The A-20 is classified as an attacker, which carries both good and bad traits when compared to "real" bombers. The main advantage is its strong offensive armament (comparable to that of many U.S fighters), which allows it to engage other aircraft or to strafe soft ground targets. Additionally, it carries an excellent defensive armament, with 2 x 12.7 mm machine guns mounted in a dorsal turret, and a single 12.7 mm machine gun in a hatch below the tail. However, in-game attackers are treated differently than bombers, spawning at a lower altitude and in Realistic Mode, and they do not benefit from a bomb-sight.
Due to its lack of manoeuvrability, turn fighting or energy fighting enemy aircraft is extremely ill-advised, since the A-20G isn't capable of out-turning anything (even heavy fighters), and its energy retention is very poor. If one must engage an enemy fighter, either make sure to have a significant energy advantage in order to use boom-and-zoom tactics or try to provoke them into a head-on pass since not much can compete with the A-20G's armament. If an enemy plane avoids a head-on engagement, it is likely better to avoid turning, and use the speed of this plane to either get to help or to allow your gunners to engage the fighters. Often, the best defensive tactic is to stay at very low altitude to force the enemy into the dorsal turret's coverage area and hope it can deal with it, as the A-20G is hopeless in any kind of combat manoeuvring otherwise.

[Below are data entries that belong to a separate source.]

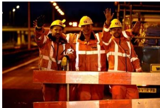
Trots op het werk
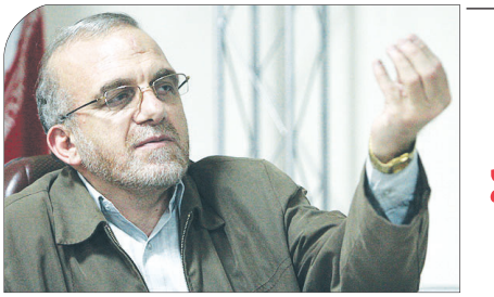
نماینده مردم اصفهان در مجلس شورای اسلامی: نمایندگان مجلس هم کارنامه دار می‌شوند
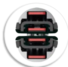
4 нагреваемые поверхности

|Characteristics|| Max Speed
(km/h at 3,048 m)
| Max altitude
| Turn time
| Rate of climb
| Take-off run|
|Combat flaps||Take-off flaps||Landing flaps||Air brakes||Arrestor gear|
|Wings (km/h)||Gear (km/h)||Flaps (km/h)||Max Static G|
|Optimal velocities (km/h)|
|< 260||< 320||< 300||> 320|
|Optimal altitude||100% Engine power||WEP Engine power|
|467 m||2,700 hp||3,200 hp|
|Optimal altitude||100% Engine power||WEP Engine power|
|2,906 m||2,500 hp||3,022 hp|
Survivability and armour
- 12.7 mm Steel - Fore cockpit armour plate
- 8 mm Steel - Fore cockpit side armour plate
- 9.5 mm Steel - Pilot's seat
- 12.7 mm Steel - Dorsal gunner's fore and aft armour plating
- 12.7 mm Steel - Ventral gunner's belly armour plating
- 12.7 mm Steel - Ventral gunner's rear armour plating
- Self-sealing fuel tanks (2 in each wing)
Modifications and economy
The A-20G-25 is armed with:
- 4 x 12.7 mm Browning M2 machine guns, nose-mounted (350 rpg = 1,400 total)
- 2 x 12.7 mm Browning M2 machine guns, chin-mounted (350 rpg = 700 total)

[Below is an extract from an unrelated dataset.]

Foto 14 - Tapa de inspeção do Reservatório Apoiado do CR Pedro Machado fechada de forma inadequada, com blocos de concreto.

The A-20G-25 can be outfitted with the following ordnance:
- Without load
- 4 x 500 lb AN-M64A1 bombs (2,000 lb total)
- 12 x M8 rockets
The A-20G-25 is defended by:
- 2 x 12.7 mm M2 Browning machine guns, dorsal turret (400 rpg = 800 total)
- 1 x 12.7 mm M2 Browning machine gun, ventral turret (400 rpg)
Usage in battles
The A-20G-25 possesses a fairly standard loadout of 6 x 12.7 mm machine guns like many regular fighters in the U.S tech tree. However, unlike the fighters, the machine guns on the A-20 are mounted solely in the nose. This allows for a much more focused cone of fire at range since convergence is not a significant factor, meaning that the A-20G will have an easier time hitting targets, but hardened ground targets like light and medium tanks will be easier to kill due to the fact that bullets are not converging from an angle, increasing penetration.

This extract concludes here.